Изменить размер шрифта - +
На это автор не соглашался.

Первую часть книги Зибург посвятил Жанне д'Арк, которую считал основательницей современной Франции. Казалось бы, в духе «Aсtion française», объявившего Орлеанскую деву своей покровительницей. Моррас делал акцент на ее монархизме, борьбе за восстановление законной королевской власти: «Самая патриотичная черта деяний Жанны д'Арк – легитимизм» (JLN, 58). Немецкий автор видел в ней создательницу национального самосознания, отождествлявшего с Богом не просто Францию, но только Францию. «Любой путь к сердцу французского бытия должен начинаться от Жанны» (SDF, 28). Эти слова могли понравиться Моррасу, но предшествующие им привели бы в ужас: «Понять, что “Марсельеза” продолжает молитвы Жанны, – значит понять Францию» (SDF, 28). Не принял бы Моррас и тезис о том, что революция и наполеоновские войны – очередное воплощение исключительности Франции как «носителя и законного защитника цивилизации», каковым она претендовала быть во все исторические периоды, хоть и в разных формах (SDF, 71–73, 96–100).

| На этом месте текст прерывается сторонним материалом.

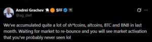 “Geçen ay çok fazla altcoin, Bitcoin ve BNB aldık. Piyasanın yeniden ayağa kalkmasını bekliyoruz. Muhtemelen daha önce hiç görmediğiniz bir piyasa hareketi göreceksiniz.”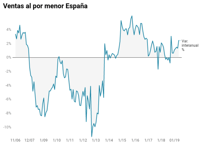España: ventas minoristas +0,7% en mayo Las ventas al por menor en España, según datos difundidos por el INE, repuntaron siete décimas en mayo con respecto al mes de abril y la evolución interanual -gráfico-... 28 de junio, 2019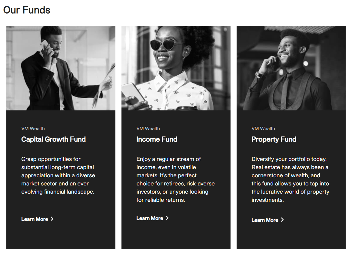 Со сведениями о возможных вариантах инвестирования на Vm Funds все получше. Пользователь может вложиться в “фонд роста капитала”, “доходный фонд” и “фонд недвижимости”. В первые два фонда можно вложиться от 500 барбадосских долларов, в последний – от 5 тысяч. Для перевода в USD необходимо умножить эти суммы на 2. Данных же о доходности на площадке нет, хотя это самое главное.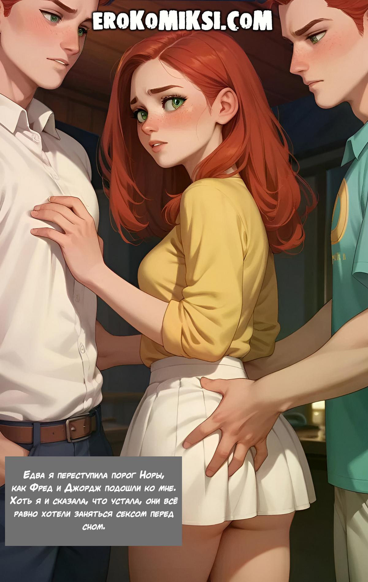 Порно комикс Джинни Уизли Секс игрушка для своих братьев. Часть 2. Рыжая красавица Джинни продолжает ублажать своих братьев. Парни раздевают девушку и дают ей пососать свой крупные члены, после чего хорошенько трахают ее во все дырочки…

Зибург не первым отметил отсутствие у французов расового сознания. По его словам, «можно стать французом, как можно креститься»: «Быть французом – не значит принадлежать к расе, которую отличают одинаковый цвет волос, форма черепа или инстинкты; это значит иметь одинаковое представление о национальном духе, чувствовать себя наследником, исполнителем и продолжателем Рима и латинского мира. <…> Достаточно одного поколения, чтобы сделать из еврея с Востока “чистокровного” француза. <…> По той же причине во Франции не может развиться инстинктивное неприятие цветных рас» (SDF, 76–79). «Антисемитизм – недостаток слабых народов, которым не хватает личностей и которые остаются подвержены коллективному ужасу, каким отмечен весь период Средневековья, – парировал в год прихода Гитлера к власти Жорж Сюарес, брианист и будущий «коллаборант». – Антисемитизм не существует во Франции, потому что Франция сильна, а ее дух уравновешен».

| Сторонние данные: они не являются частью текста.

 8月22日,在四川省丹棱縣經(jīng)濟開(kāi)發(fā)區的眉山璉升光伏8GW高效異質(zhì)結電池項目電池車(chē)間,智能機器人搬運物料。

А как же отношение к «метекам»? «Презренному “метеку” достаточно один раз во все горло крикнуть “Да здравствует Франция!”, чтобы его произвели в ранг собрата-латинянина» (SDF, 82). Однако «иностранец, столь необходимый этой стране экономически, никогда не будет любим, но лишь терпим. Француз видит в нем нахлебника, а не дающего» (SDF, 123). Присущие французам вкус и умение жить восхищали автора, но рядом с ними он видел недостаток трудовой этики: «Немецкая пословица “Труд облагораживает” здесь непонятна» (SDF, 159), – и отсутствие стремления к развитию. «В глазах Франции немцы – прежде всего народ порыва и стремления вперед. В этом вся проблема» (SDF, 145).

«Бог во Франции» написан для соотечественников, поэтому германская, точнее, франко-германская, тема занимает в книге важное место. Моррас мог согласиться, хотя бы в душе, со словами: «Борьба, которую Франция ведет ради сохранения своей монополии на цивилизацию, во всем направлена против нас. <…> Нас судят – и осуждают, – меряя французской меркой» (SDF, 257–258). Но автор напомнил: «Не следует забывать, что под враждой между Францией и Германией скрывается более глубокая вражда – между Францией и миром. <…> Позиция Франции в отношении Германии – это и позиция в отношении будущего» (SDF, 257, 317). Во время войны «народы в последний раз согласились с притязанием Франции представлять человеческую цивилизацию», но в послевоенной Европе, где набирает силу стремление к «всеобщей солидарности, исключающей духовное и политическое господство одной конкретной страны», она остается фактором разобщения и причиной конфликтов (SDF, 262–266).